En un intento de responder a las tendencias y tratados internacionales de impulso al respeto a los derechos humanos y al ambiente, la Reforma energética busca integrar los factores sociales y ambientales dentro de su estructura de operación, haciendo un especial énfasis en la salvaguarda de los derechos de los grupos sociales en situación de vulnerabilidad; estableciendo procedimientos de consulta previa y requerimientos de estudios de impacto social respecto al área de objeto de la asignación o contrato previo al desarrollo del proyecto (PwC México, 2015).

La importancia de la evaluación del impacto social en los proyectos energéticos en su etapa previa, radica en su utilidad para dar una comprensión previa del sistema, a través de un acercamiento entre las partes interesadas, que permita brindar la posibilidad de generar mapas de análisis de los actores interesados y abrir canales de comunicación, identificar los impactos que deriven de la actividad, estimando las medidas para mitigarlos y compensarlos; que culmine en la apropiación del proyecto por parte de las comunidades, ya que se trata de desarrollos que duran de 25 a 30 años que requieren de un proceso de apropiación por parte de la comunidad para garantizar la sustentabilidad a lo largo de la vigencia del proyecto (PwC México, 2015).

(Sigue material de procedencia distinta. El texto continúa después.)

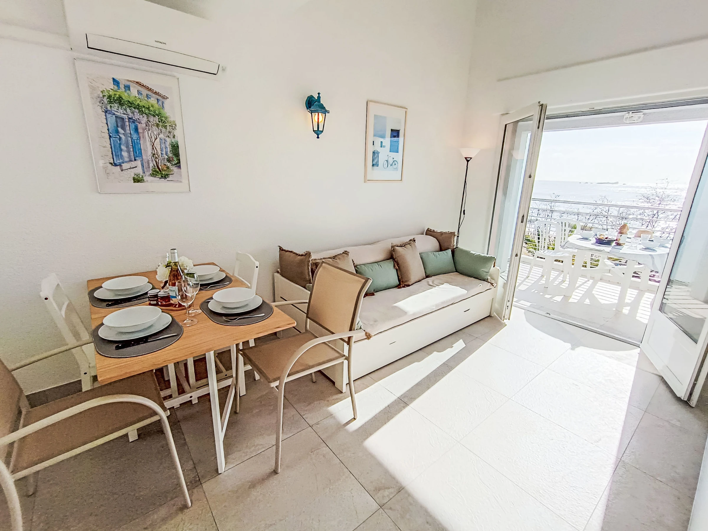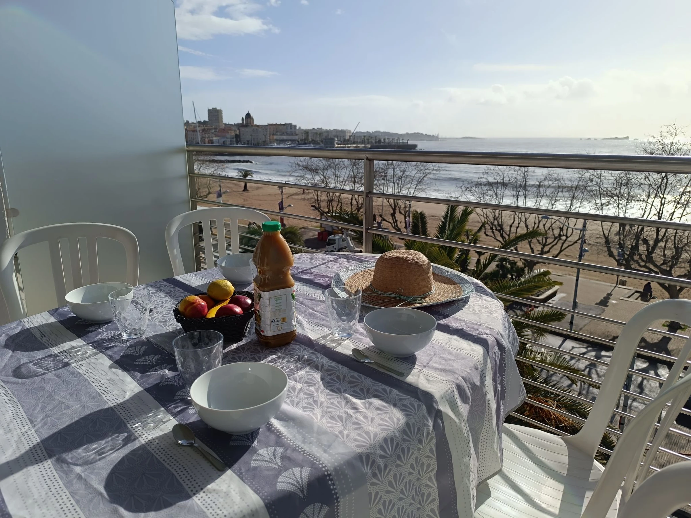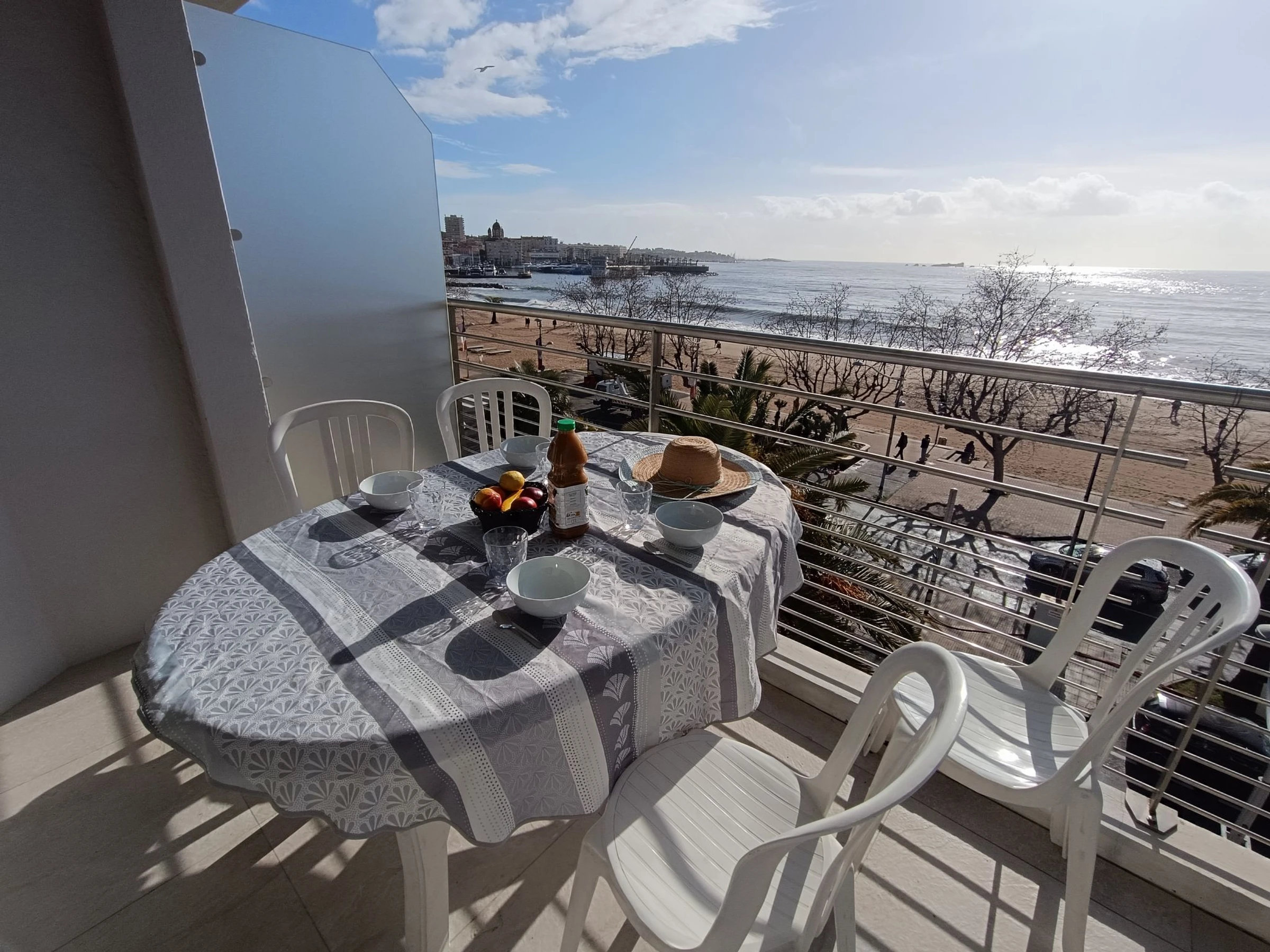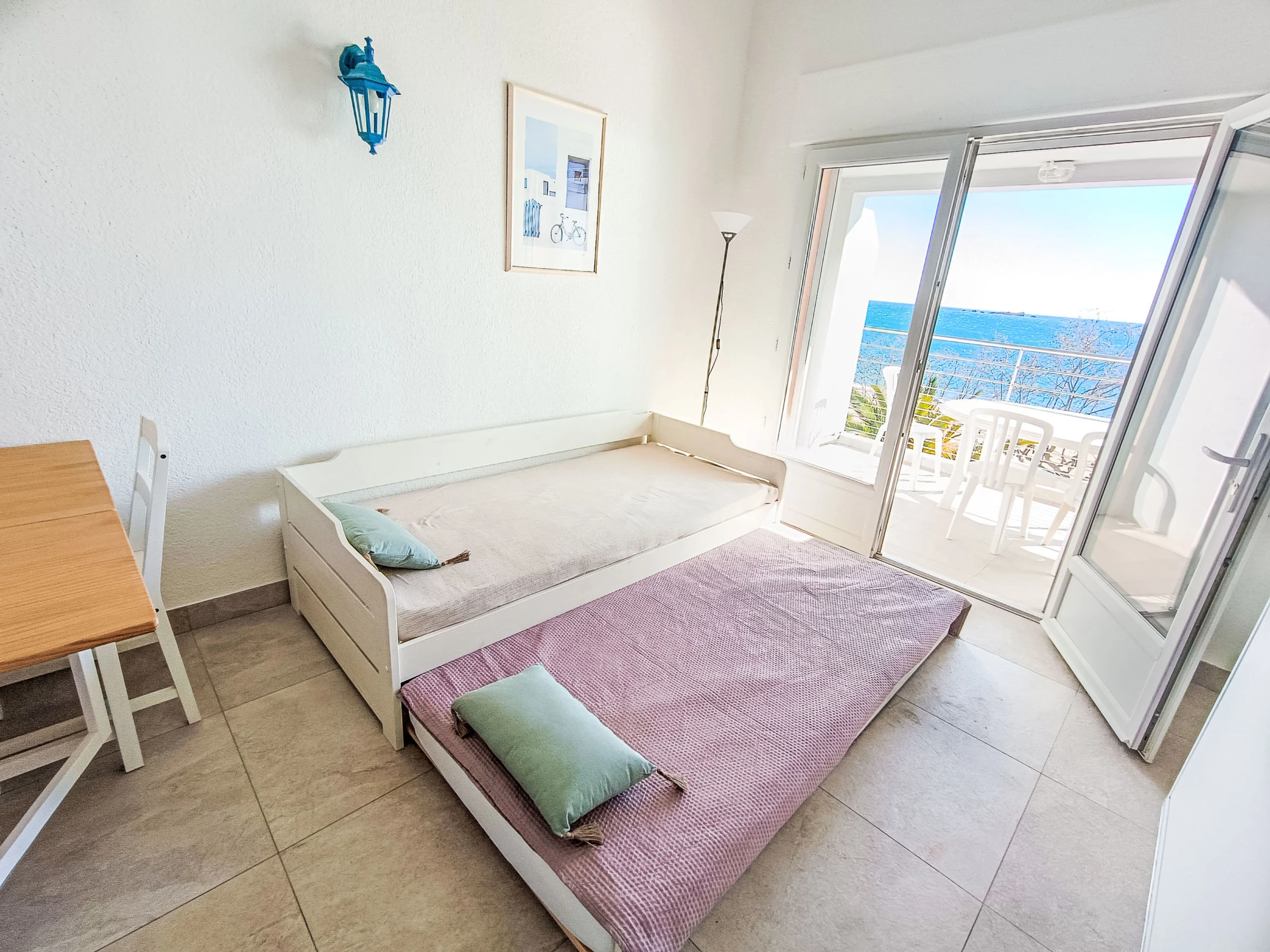 "Le domino", apt 2 pièces 40 m2 sur 2 niveaux au 3ème étage. Rénové en 2026: séjour/salle à manger avec 1 lit gigogne (2 pers. 2 x 90 cm, longueur 200 cm), TV et air-conditionné. Sortie sur la terrasse. Cuisine ouverte (four, lave-vaisselle, 3 plaques à induction, bouilloire électrique, micro-ondes, cafetière électrique). À l'étage supérieur: galerie mansardée avec 1 lit double (160 cm, longueur 200 cm), air-conditionné. Douche, WC séparé. Chauffage électrique. Terrasse 7 m2, situation sud et situation ouest. Meubles de terrasse. Vue panoramique sur la mer. A disposition: lave-linge, fer à repasser. Internet (Connexion WIFI, gratuit). Garage (en sus) près de la maison. Veuillez noter: détecteur de fumée. Annonce d'un particulier (art 155, IV du CGI).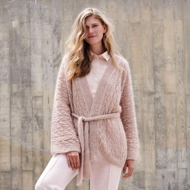 Create an elegant kimono-style cardigan with this exclusive pattern from the All Seasons 6 magazine. Knit this timeless piece with a lace motif using two strands of yarn—50 Mohair Shades and Combine & Shine from Concept by Katia—, wide sleeves and a belt. It’s perfect for pairing with palazzo pants or jeans. Get the pattern and start knitting this unique garment today!

En el caso del factor ambiental, es cierto que en nuestro país tenemos un avance significativo en la legislación en materia de impacto ambiental, el cual integra consultas públicas y evaluaciones de impactos ambientales como requerimiento previo a la autorización del desarrollo de cualquier proyecto; y que éste está sustentado en toda una estructura legislativa y judicial para salvaguardar la protección de esta factor.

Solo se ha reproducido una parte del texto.